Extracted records
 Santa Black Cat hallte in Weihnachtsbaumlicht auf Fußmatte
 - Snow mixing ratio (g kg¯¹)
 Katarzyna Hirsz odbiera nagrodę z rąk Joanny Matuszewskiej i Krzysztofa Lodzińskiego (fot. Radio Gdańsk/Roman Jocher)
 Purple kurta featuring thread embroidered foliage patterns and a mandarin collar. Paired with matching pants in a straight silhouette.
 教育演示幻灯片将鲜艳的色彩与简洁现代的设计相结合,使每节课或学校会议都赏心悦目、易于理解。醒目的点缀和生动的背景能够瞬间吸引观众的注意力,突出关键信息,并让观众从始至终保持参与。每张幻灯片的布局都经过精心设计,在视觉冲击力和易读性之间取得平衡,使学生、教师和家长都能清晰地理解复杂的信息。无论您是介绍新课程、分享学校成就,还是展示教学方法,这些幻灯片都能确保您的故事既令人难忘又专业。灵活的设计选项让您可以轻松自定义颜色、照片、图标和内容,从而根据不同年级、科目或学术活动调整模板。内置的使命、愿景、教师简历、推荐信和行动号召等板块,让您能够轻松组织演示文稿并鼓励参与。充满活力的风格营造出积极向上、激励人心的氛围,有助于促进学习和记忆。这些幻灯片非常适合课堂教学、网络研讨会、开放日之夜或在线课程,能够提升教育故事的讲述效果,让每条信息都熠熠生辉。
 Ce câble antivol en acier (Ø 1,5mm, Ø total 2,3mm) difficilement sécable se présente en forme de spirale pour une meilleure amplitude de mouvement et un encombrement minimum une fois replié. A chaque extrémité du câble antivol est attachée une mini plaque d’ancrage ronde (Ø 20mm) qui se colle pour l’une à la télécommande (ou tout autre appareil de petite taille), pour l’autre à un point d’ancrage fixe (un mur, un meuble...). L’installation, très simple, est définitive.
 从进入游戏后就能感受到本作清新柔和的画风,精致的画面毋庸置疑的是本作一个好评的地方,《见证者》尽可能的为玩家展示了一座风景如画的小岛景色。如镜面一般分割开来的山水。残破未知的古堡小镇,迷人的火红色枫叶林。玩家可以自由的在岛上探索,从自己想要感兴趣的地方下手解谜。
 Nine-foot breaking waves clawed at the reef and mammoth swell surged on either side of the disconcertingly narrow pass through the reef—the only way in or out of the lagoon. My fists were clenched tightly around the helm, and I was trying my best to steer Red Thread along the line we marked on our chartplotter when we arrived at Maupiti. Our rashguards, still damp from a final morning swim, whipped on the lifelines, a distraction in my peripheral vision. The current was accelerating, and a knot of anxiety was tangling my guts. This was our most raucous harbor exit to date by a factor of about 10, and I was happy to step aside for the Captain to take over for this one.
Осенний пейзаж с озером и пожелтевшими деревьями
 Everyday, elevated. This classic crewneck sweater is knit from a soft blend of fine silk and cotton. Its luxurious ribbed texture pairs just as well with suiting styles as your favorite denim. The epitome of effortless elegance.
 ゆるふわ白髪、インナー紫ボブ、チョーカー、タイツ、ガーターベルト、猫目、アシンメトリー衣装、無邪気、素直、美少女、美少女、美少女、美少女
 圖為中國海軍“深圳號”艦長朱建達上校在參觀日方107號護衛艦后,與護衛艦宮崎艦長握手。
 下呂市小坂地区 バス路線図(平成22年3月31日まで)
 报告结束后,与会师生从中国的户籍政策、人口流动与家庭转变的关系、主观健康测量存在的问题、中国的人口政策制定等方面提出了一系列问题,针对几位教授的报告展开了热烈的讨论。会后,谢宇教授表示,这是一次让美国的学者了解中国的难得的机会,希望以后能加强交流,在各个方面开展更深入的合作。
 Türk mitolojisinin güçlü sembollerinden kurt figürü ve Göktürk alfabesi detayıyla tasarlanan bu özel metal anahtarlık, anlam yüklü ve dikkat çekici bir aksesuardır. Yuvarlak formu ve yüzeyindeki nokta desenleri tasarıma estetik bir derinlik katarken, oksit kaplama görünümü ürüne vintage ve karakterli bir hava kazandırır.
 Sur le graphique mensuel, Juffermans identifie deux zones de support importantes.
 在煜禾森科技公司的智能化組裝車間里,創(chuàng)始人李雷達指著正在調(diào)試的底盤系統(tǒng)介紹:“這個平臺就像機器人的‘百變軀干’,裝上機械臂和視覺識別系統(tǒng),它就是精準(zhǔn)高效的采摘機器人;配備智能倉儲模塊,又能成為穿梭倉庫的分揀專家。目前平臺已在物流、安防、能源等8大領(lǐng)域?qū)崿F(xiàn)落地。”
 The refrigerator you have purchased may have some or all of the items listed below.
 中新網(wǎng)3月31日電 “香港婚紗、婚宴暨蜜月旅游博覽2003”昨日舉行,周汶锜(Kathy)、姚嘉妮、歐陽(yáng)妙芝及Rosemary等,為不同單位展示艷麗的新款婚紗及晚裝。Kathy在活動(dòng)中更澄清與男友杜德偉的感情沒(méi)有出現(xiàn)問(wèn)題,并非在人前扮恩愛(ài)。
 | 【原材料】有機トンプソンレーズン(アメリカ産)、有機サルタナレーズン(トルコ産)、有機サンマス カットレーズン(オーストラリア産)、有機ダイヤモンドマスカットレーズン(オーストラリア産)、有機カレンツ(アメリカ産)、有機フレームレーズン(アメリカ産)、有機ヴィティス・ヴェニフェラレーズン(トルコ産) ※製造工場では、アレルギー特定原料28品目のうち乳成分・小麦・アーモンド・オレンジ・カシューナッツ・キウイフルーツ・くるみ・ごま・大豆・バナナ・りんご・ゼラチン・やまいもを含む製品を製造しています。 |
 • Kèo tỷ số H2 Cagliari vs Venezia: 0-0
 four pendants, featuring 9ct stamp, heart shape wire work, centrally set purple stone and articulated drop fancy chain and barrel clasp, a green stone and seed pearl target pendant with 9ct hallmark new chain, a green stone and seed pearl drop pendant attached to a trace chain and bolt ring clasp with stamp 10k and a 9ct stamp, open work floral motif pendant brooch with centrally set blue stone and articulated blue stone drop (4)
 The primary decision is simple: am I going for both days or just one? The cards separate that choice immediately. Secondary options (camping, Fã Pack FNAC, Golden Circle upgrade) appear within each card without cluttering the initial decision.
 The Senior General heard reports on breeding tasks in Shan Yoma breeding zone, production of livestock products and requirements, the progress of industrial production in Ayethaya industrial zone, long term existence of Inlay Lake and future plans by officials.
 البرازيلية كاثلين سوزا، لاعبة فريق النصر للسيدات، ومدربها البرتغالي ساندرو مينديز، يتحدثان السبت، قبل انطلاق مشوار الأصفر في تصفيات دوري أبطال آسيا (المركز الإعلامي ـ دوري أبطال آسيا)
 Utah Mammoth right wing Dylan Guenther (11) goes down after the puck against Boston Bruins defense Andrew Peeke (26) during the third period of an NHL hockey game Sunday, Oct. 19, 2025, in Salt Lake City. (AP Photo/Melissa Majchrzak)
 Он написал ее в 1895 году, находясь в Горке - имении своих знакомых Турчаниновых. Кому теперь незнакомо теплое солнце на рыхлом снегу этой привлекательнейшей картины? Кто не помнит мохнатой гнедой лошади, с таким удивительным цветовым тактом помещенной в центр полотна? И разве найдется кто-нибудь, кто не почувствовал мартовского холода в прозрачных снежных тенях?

#### [Goal of the exercise]
In the answer, return exactly the lines from the line containing "Utah Mammoth right" to the end of the records above, and no others.

#### [Response to this task]
 Utah Mammoth right wing Dylan Guenther (11) goes down after the puck against Boston Bruins defense Andrew Peeke (26) during the third period of an NHL hockey game Sunday, Oct. 19, 2025, in Salt Lake City. (AP Photo/Melissa Majchrzak)
 Он написал ее в 1895 году, находясь в Горке - имении своих знакомых Турчаниновых. Кому теперь незнакомо теплое солнце на рыхлом снегу этой привлекательнейшей картины? Кто не помнит мохнатой гнедой лошади, с таким удивительным цветовым тактом помещенной в центр полотна? И разве найдется кто-нибудь, кто не почувствовал мартовского холода в прозрачных снежных тенях?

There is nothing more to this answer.